Over all, home sales have slowed in recent months, raising some worries that the rebound in housing might be fading away. But Jonathan Smoke, the chief economist at Hanley Wood, said much of that decline was caused by reductions in both foreclosure volume and in sales of homes that banks acquired through foreclosure.
“The total volumes are not nearly as important as the composition of what is being sold and who is buying,” Mr. Smoke said. “You can fret all you want about the total volumes being up or down, but the reality is that the residential real estate market is getting healthier and healthier each month. The health is reflected in the share of nondistressed, normal transactions continuing to rise.”

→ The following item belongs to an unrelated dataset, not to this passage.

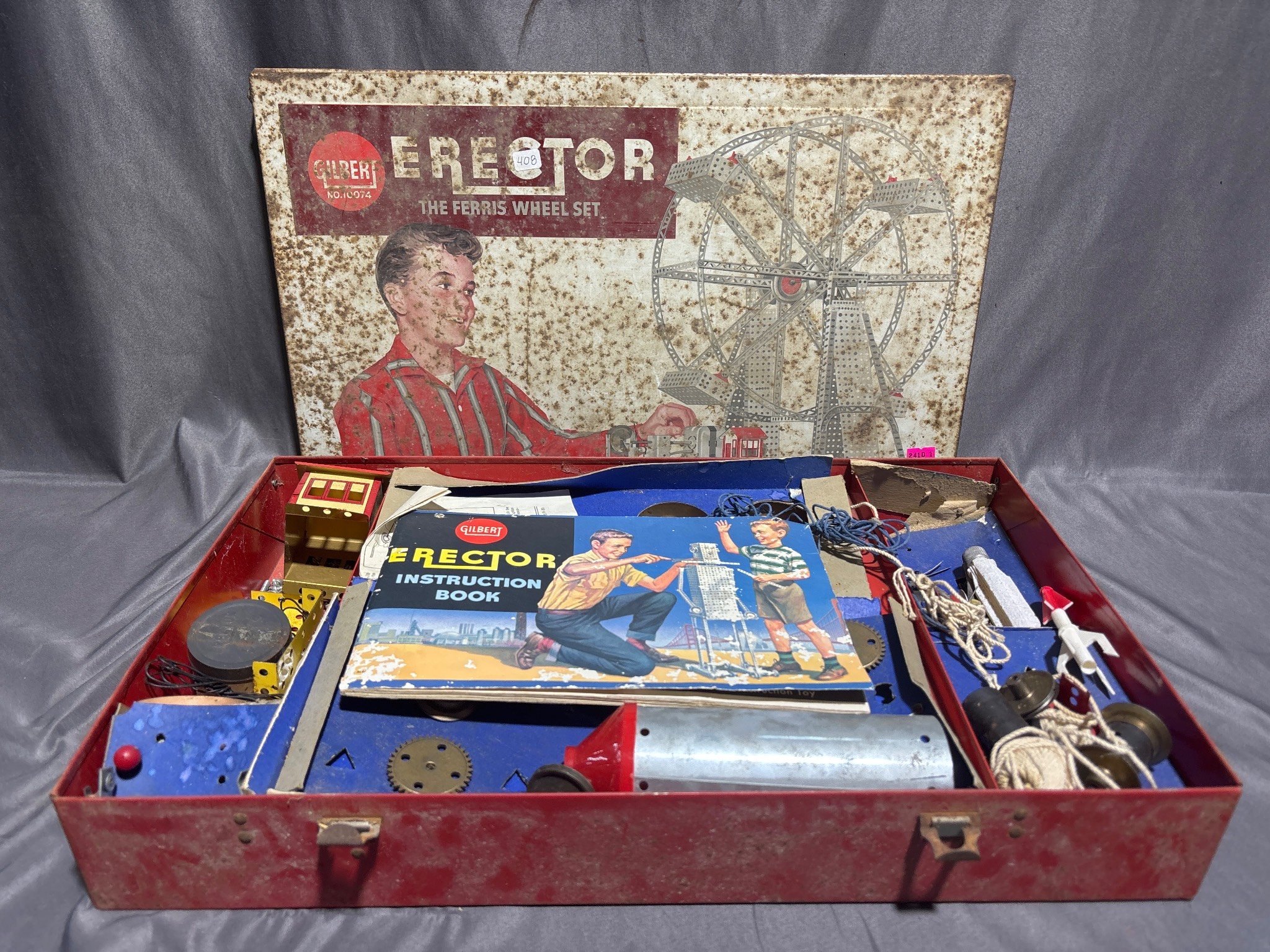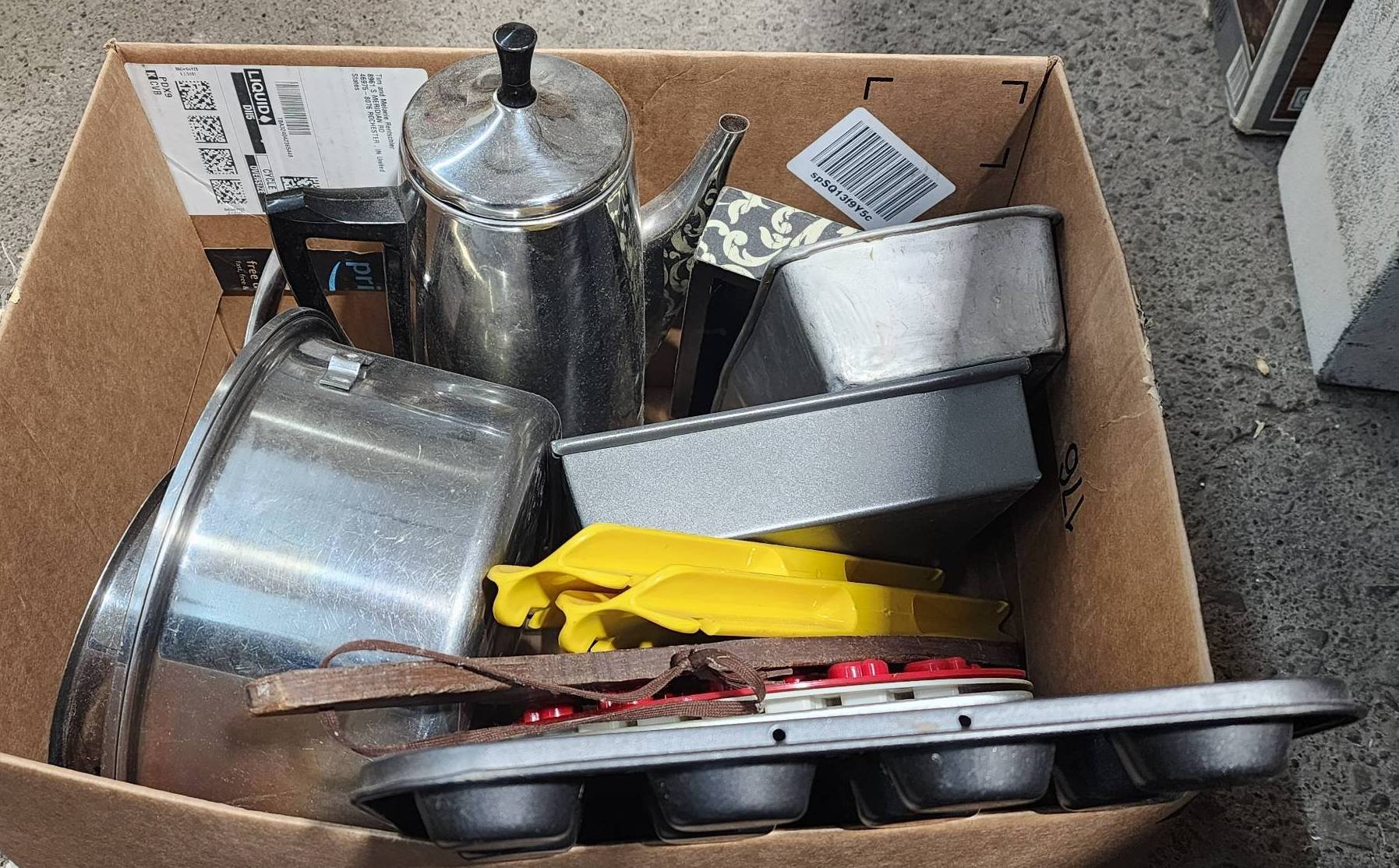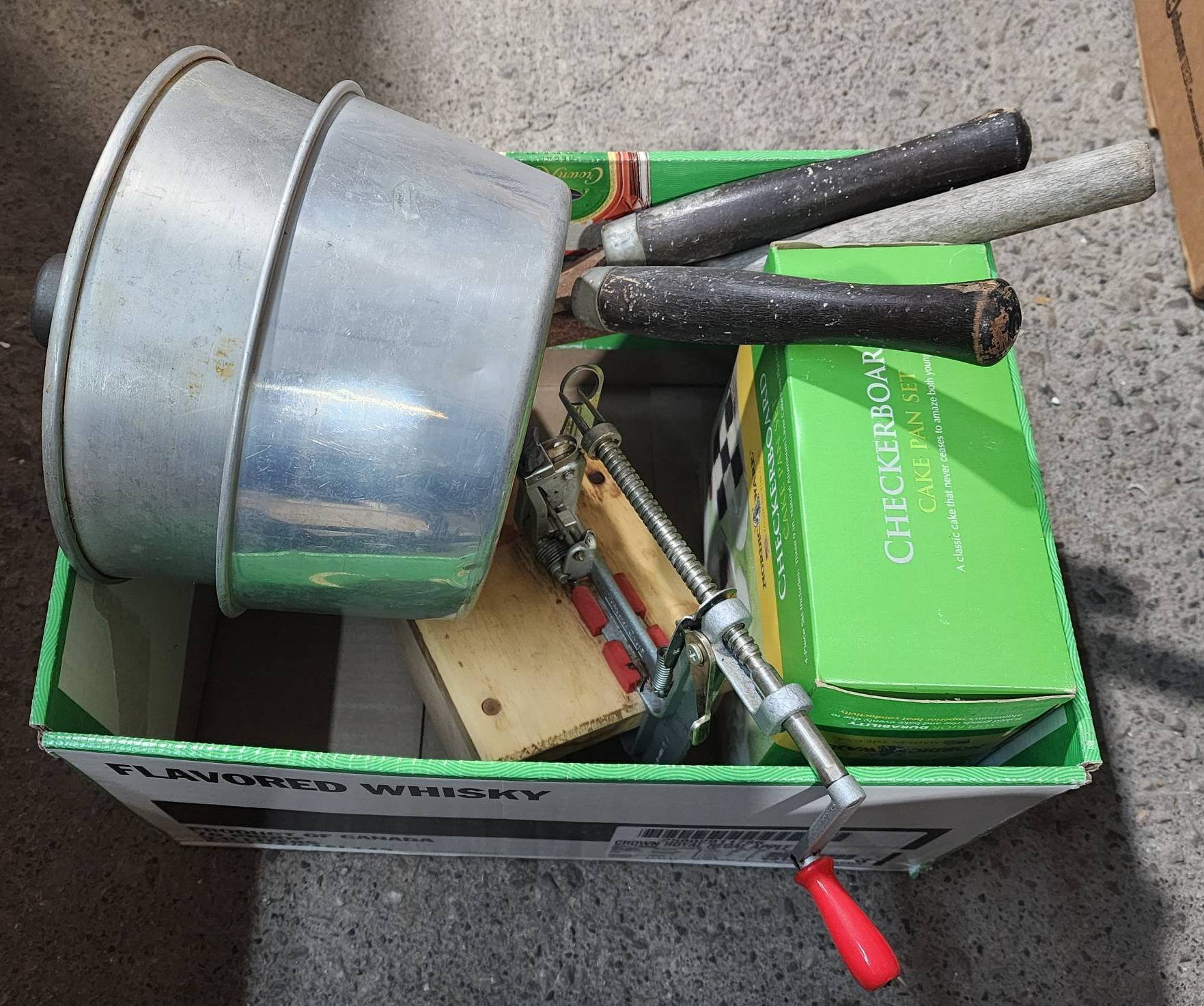 9243 Trash Cans, Tool Box with Contents, and Sears Roebuck Camp Stove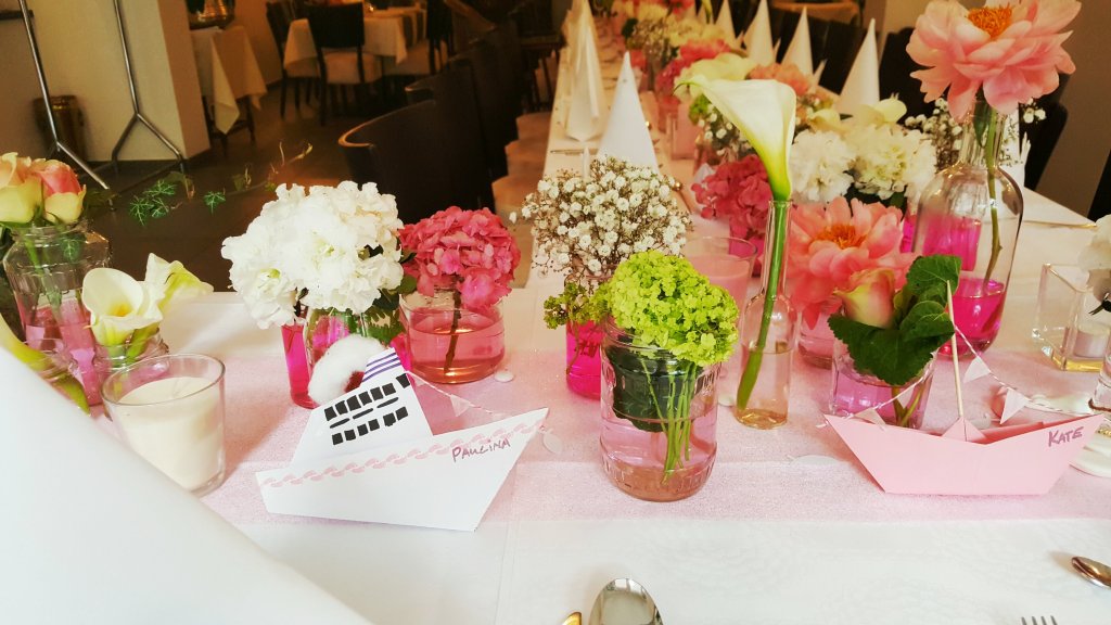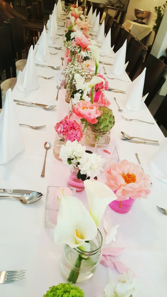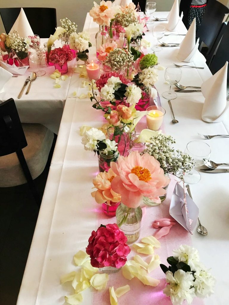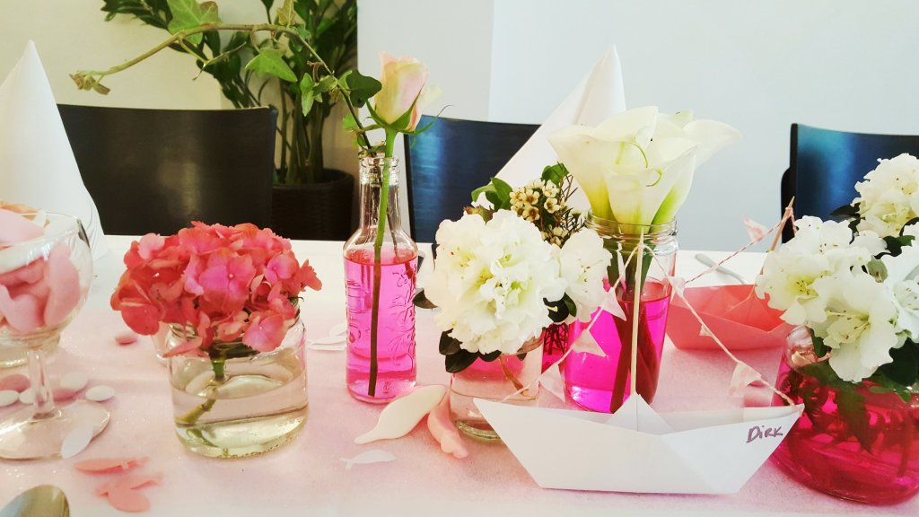 Die Gäste haben sich übrigens gleich zweifach über die Blumendeko gefreut. Zunächst einfach, weil sie so schön anzusehen war und sie dort Platz nehmen durften. Und zum Ende der Feier nochmal, denn sie durften so viele Väschen mitnehmen, wie sie wollten (zu Hause habe ich nämlich gar nicht genug Platz für dieses Meer von Blumen – wer hätte das gedacht). Und der Wirt durfte auch noch ein paar behalten und hat damit sein Restaurant für die nächsten Tage noch geschmückt.

In addition, he said, in many areas more homes are being bought by people who intend to live in them rather than by investors who plan to rent them out.
The figures are based on recorded deeds and thus reflect sales that may have been negotiated in previous months. They do not include transactions in which foreclosures were completed and ownership transferred to banks, but do include the subsequent sale by the bank.
The R.E.O. sales have remained strong in some areas, notably in parts of Florida and in the Detroit area. In the first quarter of this year, banks sold more homes than did home builders and existing homeowners combined in the Detroit area, although that figure was influenced by an unusually large volume of homes sold by banks in January.
The home sales figures reflected in the accompanying charts differ from the sales figures that are most often reported. The Census Bureau estimates new-home sales based on a survey of home builders, and counts them in the month the contract is signed, which could be several months before the sale closes and the deed is transferred. The National Association of Realtors estimates sales of existing homes based on transactions reported by multiple listing services.